# Placement of receptacle for garage door opener



## Mi Feller (Mar 16, 2010)

Door and opener not yet installed but otherwise ready for rough inspection. I can calculate where the opener will likely be which is right behind and slightly above the opened door. However, the 2x6 rafters are unusually high at about 12.5'. Where would you mount the 20A receptacle in this case? Should it be on the side of one of the rafters which will likely require a near 4' drop to the opener or is there a recommended way to lower the receptacle box from the rafters? (wood or metal extension?). Thanks for any ideas.


----------



## a7ecorsair (Jun 1, 2010)

With that high of ceiling, are you putting in an 8' or 9' garage door or just a standard 7' door? I know it has to be GFIC and behind the opener so the door doesn't cover it when open.

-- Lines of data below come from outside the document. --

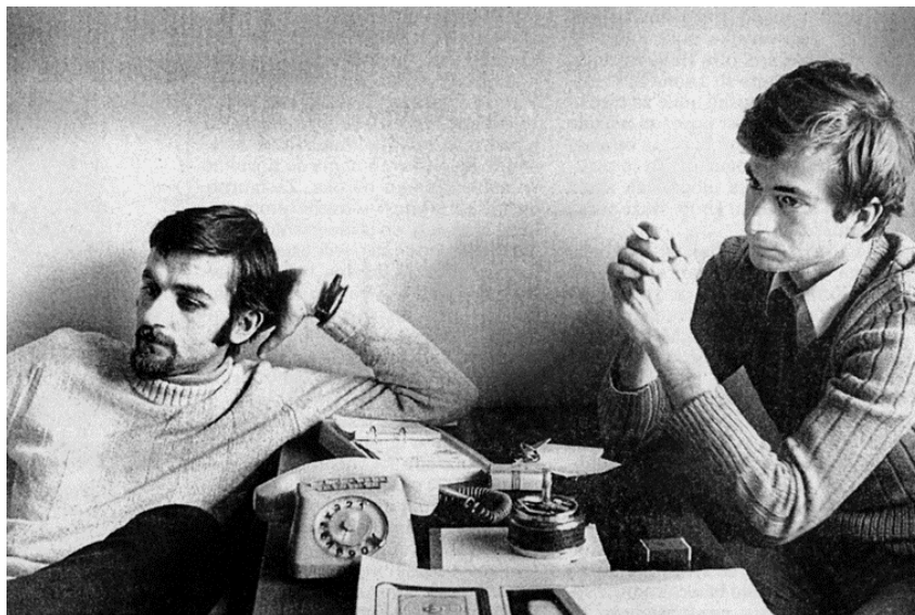
Slika 4: Ivan Zvonimir Čičak i Dražen Budiša

Štrajk je završio kako je i započeo, studentskim zborom. Ono po čemu se razlikovao od zbora kojim je započeo štrajk je bila atmosfera. Studenti su bili svjesni da ih, zajedno s ostatkom Hrvatske, čeka teško razdoblje. To se najbolje vidi u govoru kojeg je održao D. Budiša: „Nad hrvatskim sveučilištarcima i nad hrvatskim narodom nadvila se mora, sablast. Sada nastupa trenutak kada svatko ostajem sam sa svojom savješću i strahom. Dani što dolazi dani su iskušenja. Pri tome će neki pokleknuti, ali to su i trenuci kada se ljudi istinski prepoznaju. Hrvatski studenti usprkos tome ne smiju izdati svoje ideale općenarodnog pokreta. Ako odemo mi, doći se drugi još radikalniji.“ Budišin govor se odnosio na Titovo izlaganje na zasjedanju predsjedništva SKJ održanom početkom prosinca u Karađorđevu. Studentski štrajk je ocijenio kao kontrarevolucionarnu akciju, koja se dugo i pomno pripremala. 67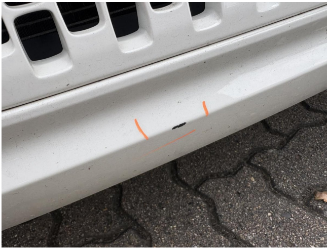
Stoßfänger vorne - stark deformiert - erneuern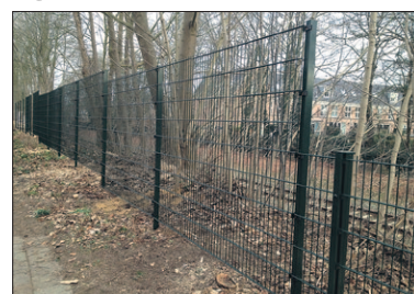
● Bewoners van de Jac. van Looylaan hebben het gevoel in de bajes te zitten dankzij het hekwerk, geplaatst door ProRail.

'Er is ons beloofd dat het groene karakter van de straat behouden zou blijven. Wij pleiten er bij de gemeente dan ook voor dat zij ons als bewo-

The opener is plug and cord. How long is the opener cord?


----------



## Speedy Petey (Feb 1, 2004)

I typically go three feet back from the end of the open door, which is normally 10' from the outside wall. In your case I would place it centered directly above the opener. The cord _should_ reach.




a7ecorsair said:


> I know it has to be GFIC *and behind the opener so the door doesn't cover it when open.*


The bold part is no code I have ever heard of.


----------



## Jim Port (Sep 21, 2007)

Speedy Petey said:


> I typically go three feet back from the end of the open door, which is normally 10' from the outside wall. In your case I would place it centered directly above the opener. The cord _should_ reach.
> 
> 
> *The bold part is no code I have ever heard of*.

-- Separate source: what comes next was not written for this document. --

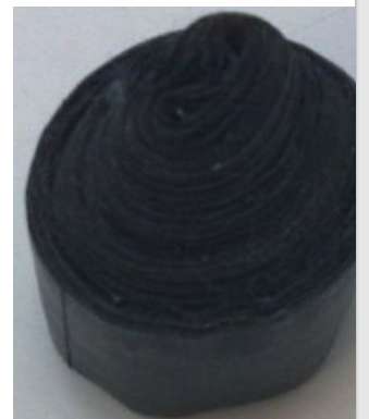
Японская из дохлого зомбоящика

«...изолента работает почти в вакууме. Изолента работает вообще везде и повсюду. Изолента — это дар богов, ей необходимо поклоняться. »

Don't you read the HI code book? :whistling2:


----------



## Scuba_Dave (Jan 16, 2009)

I think placing it so not "blocked" by the door would be more so that the cord will not be hit by the door
Door opens...hits cord...pulls it tight...unplugs opener :laughing:


----------



## McSteve (Dec 8, 2009)

If I recall correctly, the cord on my opener is about 3 or 4 feet. If it won't reach to a receptacle mounted on your rafters, then you'll probably just have to grab some lumber and frame out a lower place to mount the receptacle.

Another option might be some kind of drop cord or pendant-mounted receptacle, but I am no expert on the availability or legality of those types of fixtures.


----------



## Speedy Petey (Feb 1, 2004)

Scuba_Dave said:


> I think placing it so not "blocked" by the door would be more so that the cord will not be hit by the door
> Door opens...hits cord...pulls it tight...unplugs opener :laughing:


Obviously, but I know of no code requiring it. 

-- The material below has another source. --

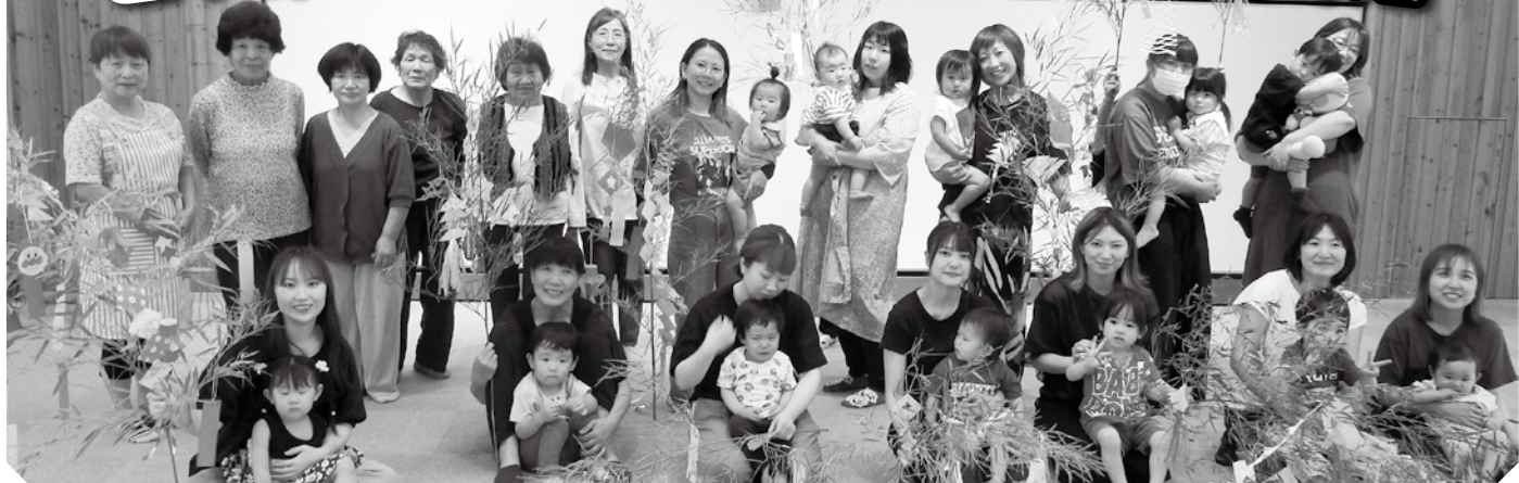
参加者全員の皆さんと記念撮影

Maybe I mistook _"has to be"_ as simply an easy way of saying _"it would be dumb not to"_.


----------



## Mi Feller (Mar 16, 2010)

Thank you for the great responses. Was actually able to get hold of the company that will be installing it. It is 8 feet high and 12 wide. Fellow said to go 10 ft back from front and than one foot over to the side so the center track doesn't run into it. Actually installed it working off the contractor's scaffolding today. I know NEC now wants gfic on the opener but my inspector doesn't care so I chose not to do it. He wants floor level outlets on gfic and I did that though separate circuit and gfic breaker. Typing's little slow as nearly took finger off with a razor knife stripping wire. Was confused for a moment running series of plugs when noticed just one ground screw. From reading this forum I knew what to do and spliced a couple ground wires so as to continue the ground to the next outlet. Making lots of novice mistakes but making progress thanks to all the help from this forum.


----------



## firehawkmph (Dec 12, 2009)

Mi,
Save your fingers and get yourself a good pair of wirestrippers. Klein makes good electrical tools.
Mike Hawkins


----------